Please refer to our 4 blog postings (pt1, pt2, pt3, pt4) and embedded videos on training a one and two way alert.
How to Train a One Way Diabetic Alert
1. Train and practice the alert behavior separately.
For example: use targeting to teach a nose touch on your leg. Shape it into a hard nose nudge just above your knee. An easy position to start training this behavior is with you in a sit. Then when your dog is successful, change your position to a stand, squat, sit on the floor, face the dog, turn to your side, turn your back etc until your dog can nose nudge you in any position. Add distance.

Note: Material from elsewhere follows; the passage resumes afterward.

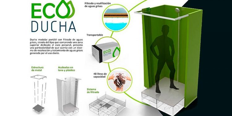 La “Ecoducha”, patentada ante Indecopi a inicios de año, funciona mediante un sistema a presión de pulverizador y reciclado del agua, que además de permitir el aseo personal dosifica el uso del agua y su reciclado con un menor gasto. La propuesta de valor del proyecto es no depender de conexiones ni de una red de suministro de agua, ya que el presurizador manual ayuda a generar la presión necesaria para impulsar el agua. La estructura comprende una cabina de ducha y una base donde se ubican los módulos de almacenamiento y filtrado, que son elaborados con materiales livianos, resistentes, durables y de fácil disponibilidad.

2. Present the smell of the sweat or blood sample. Click and treat your dog for any interest in the smell (sniff, lick etc). Do not c/t a bark or other noise! Place the smell on your lap, on the ground and other places and see if the dog seeks it out to sniff. When your dog is consistently indicating that she smelled the smell, go to next step.
3. Present the smell and immediately cue nose nudge. (sniff, cue 'touch', dog nose touches, click as nose makes contact, then reward)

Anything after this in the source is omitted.